Models matter, but tooling and architecture matter more
We've experimented with multiple models, providers and settings:
- Google's Gemini (currently
gemini-2.5-pro
) - Anthropic's Claude (
claude-sonnet-4
) - Custom temperature and parameter tuning
Yes, newer models often perform better, and it's worth trying them. But here's what matters more:
- Proper tooling: Our agents have access to specialised tools, which provide deterministic, reliable functionality that the AI can leverage.

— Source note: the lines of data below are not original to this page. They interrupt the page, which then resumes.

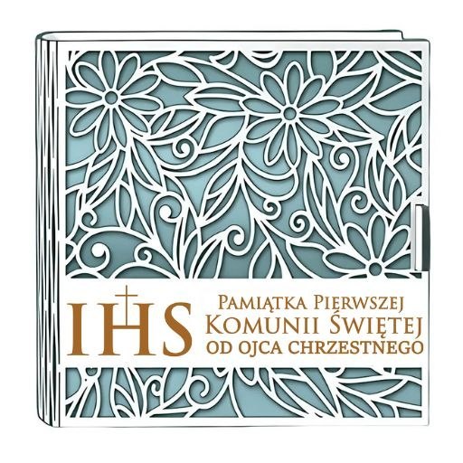 Pudełko na pieniądze kwadrat KOMUNIA - od OJCA CHRZESTNEGO - Ażur 3308A-KOM2N-OC
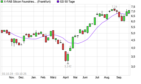 Mit dem Rücksetzer auf 6,73 EUR hat die X-FAB Silicon Foundries-Aktie am 02.10.2025 die 50-Tage-Linie nach unten gekreuzt.
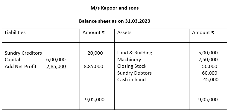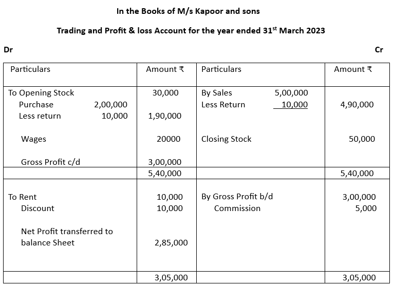 4. Prepare Trading Account, Profit & Loss Account and Balance sheet for M/s Kapoor and sons from the following information for the year ending 31st March 2023 when closing stock is valued at

- Task decomposition: Breaking complex workflows into smaller, manageable steps with clear inputs and outputs.
- Validation and error handling: Every step has validation, and failures are handled gracefully with retry logic.
- Explicit system prompt: LLMs can be very creative in their solutions, make sure to precisely guide them via system prompts.
For example, our backport agent doesn't just “apply a patch” - it has a sophisticated workflow and tools:
# Specialized tools for reliable patch handling
tools=[
GitPatchCreationTool(options=local_tool_options),
GitPatchApplyTool(options=local_tool_options),
GitPatchApplyFinishTool(options=local_tool_options),
GitLogSearchTool(options=local_tool_options),
GitPreparePackageSourcesTool(options=local_tool_options),
# ... more specialized tools
]
Lesson learned: Invest time in tooling and architecture.
Mixing AI creativity with code reliability
This might be the most important lesson: AI agents will never be 100% deterministic, and that's actually okay for many use cases. But you need to be strategic about where you accept non-determinism and where you demand consistency.
Examples where we embrace AI non-determinism:
- Analysing natural language in Jira issues
- Writing commit messages and documentation
- Searching for fixes upstream
Examples where we use deterministic code:
- Git operations (clone, checkout, apply patches)
- File system operations
- Complex deterministic logic, like mapping RHEL versions to branches
Lesson learned: Design your system to be “AI-assisted” rather than “AI-controlled”. Use AI for the creative, analytical work, but rely on deterministic code for the critical operations.
From code to service
Once you move from building a prototype to building a production system, you also need to think about the infrastructure and other components, not just agents and code around them. Here are just a few examples of what we architected that keeps AI agents running reliably:
- Queue-based architecture: We use valkey queues to orchestrate work between agents, a reliable pattern we already knew worked. Issues flow through different queues with automatic retry logic.
- Observability: Every agent action flows through Phoenix tracing, giving us complete visibility into what agents are thinking and doing. When something goes wrong, we can trace exactly which decisions led to the failure. This isn't just logging - it's understanding why your AI system made specific choices.
- Container deployment: The entire system runs on OpenShift and each agent type has its own deployment with resource limits. This also makes the whole system easily scalable.
- Dry-run capabilities: Every operation has a dry-run support built in. This helps us to better test and debug the agent's behaviour. When an agent makes an unexpected decision, we can replay the scenario safely.
Lesson learned: Start thinking about operational capabilities on day one. Dry-run modes, proper logging, and failure recovery aren't “nice to haves” - they are what makes AI systems actually usable. And since LLMs produce a ton of output, you'll need an efficient way to find out why the agents made such an odd decision.
Takeaways
After roughly 3.5 months of development, our system is currently running for a selected set of components - and it's being heavily developed. But by following these principles, we've seen a huge difference in reliability and maintainability. More importantly, we're now much clearer about what's actually possible to do with AI and what isn't.
Ask me again in 3 months, and I'll probably have another set of valuable lessons learned. But that's the nature of this rapidly evolving field.